Pocahontas is the rare Disney tale that’s based on fact, not a fairytale. Those facts make the whole thing feel a bit icky, because in reality, Pocahontas was just ten years old when she met John Smith.
‘Rapunzel’: eyes were lost.

The prince in Rapunzel has what it takes to rescue her from her tower. But because it’s based on a Brothers Grimm fairytale, you just know the original was super dark : the prince, clumsy oaf that he is, fell on some thorns and went blind. He did wind up with Rapunzel though.
‘Up’: the villain almost went insane.

Up is one of the more heartwarming movies in the Disney catalogue, and it owes at least some of the feel-good vibes to cutting a certain scene. The original pitch for the film featured the villain, Muntz, endlessly wandering a maze until he went insane and died.
‘Tarzan’: Jane marries the villain.

Tarzan has a typical ending, with our hero getting the girl. Edgar Rice Burroughs, the author of the original, saw things a little bit differently. In his novel, Tarzan not only doesn’t get the girl, but she runs off with Clayton — the villain of the whole thing.
‘Peter Pan’: Peter murders people.

There are some nice ideas in Disney’s version of Peter Pan . They had to make things nice, because the original is pretty dark.
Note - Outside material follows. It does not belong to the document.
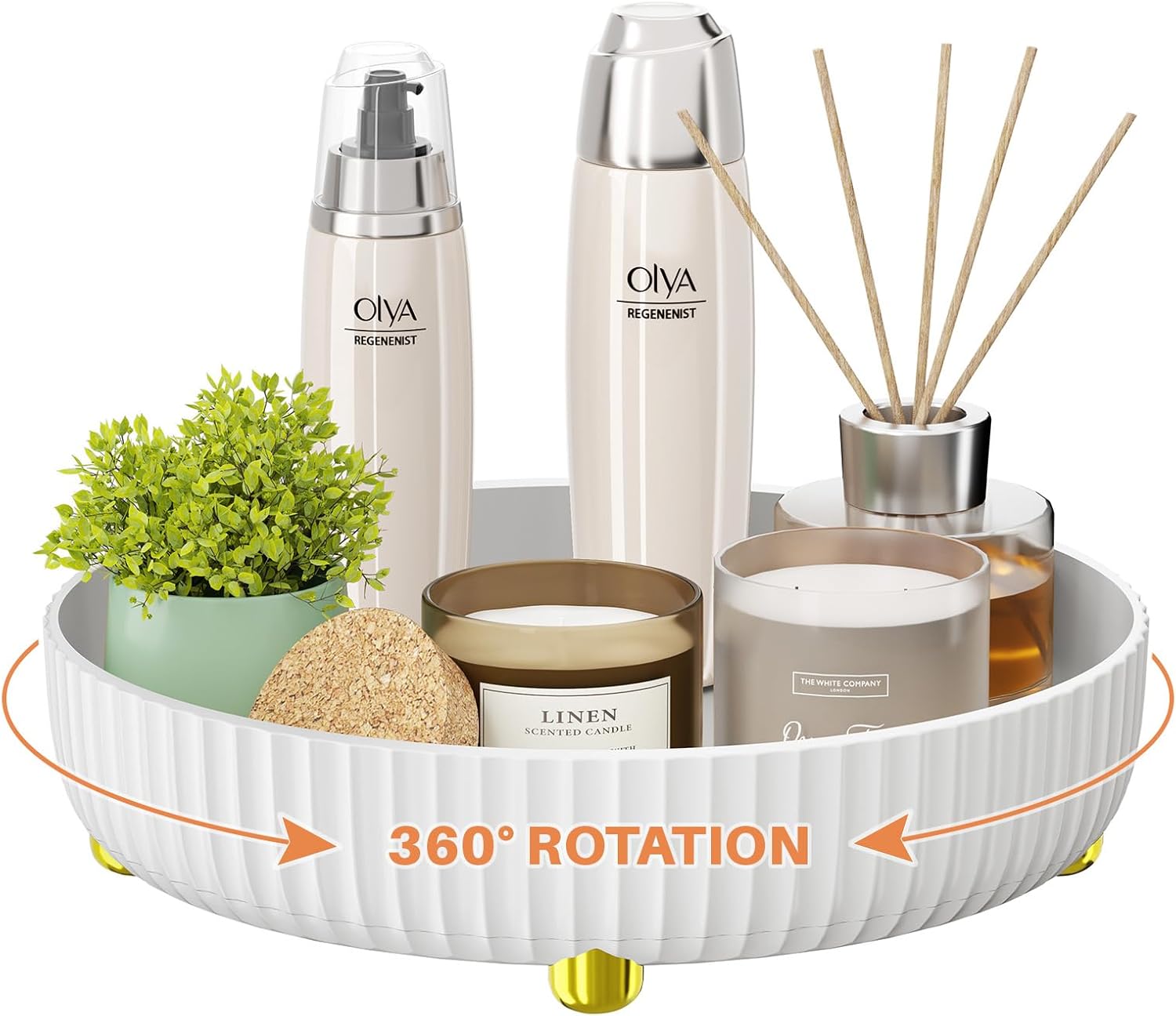 Bathroom Organizers and Storage,Rotating Makeup Organizer Tray for Perfume,Skincare,Cosmetics and Bathroom Storage,Lazy Susan Organizer,White

J.M. Barrie wrote that some of the Lost Boys grow up — and when they do, Peter (our hero, remember) straight-up murders them .
‘Sleeping Beauty’: a lot of princes died.

We all know that the beauty of Sleeping Beauty was tough to reach. In the fairytale version, this was shown in a graphic way, as a full century’s worth of princes came and went, trying to rescue her, only to get stuck in the thorns and die horribly.
‘The Hunchback of Notre Dame’: Quasimodo is into necrophilia.

I’m a little foggy on how The Hunchback of Notre Dame went, but I’m assuming that the lovable hunchback got some kind of happy ending. Victor Hugo originally wrote it so Quasimodo literally climbs into Esmerelda’s grave to snuggle up to her body, where he eventually dies of starvation.
‘Mary Poppins’: a spoonful of spite.

We all know Mary Poppins as a delightful nanny thanks to the Disney film, but P.L. Travers, author of the original story, portrayed Mary as a humorless, mean nanny who wasn’t nice to the kids in her charge.
‘Cinderella’: someone lost a toe.

Everyone knows the story of Cinderella : she’s the only one who can fit in the glass slipper, even though her stepsisters try their darndest. In the Brothers Grimm original, Cinderella’s wicked stepsisters want to fit into that slipper so badly that one of them cuts off her own toes .
‘The Little Mermaid’: Ariel had a tough go of it.

The Little Mermaid is an all-time classic, one with a satisfying ending in which Ariel gets what she wants and triumphs over the evil witch Ursula. But the original ending, as penned by Hans Christian Andersen, has a much darker ending — one in which the mermaid is banished to land and forced to do servitude.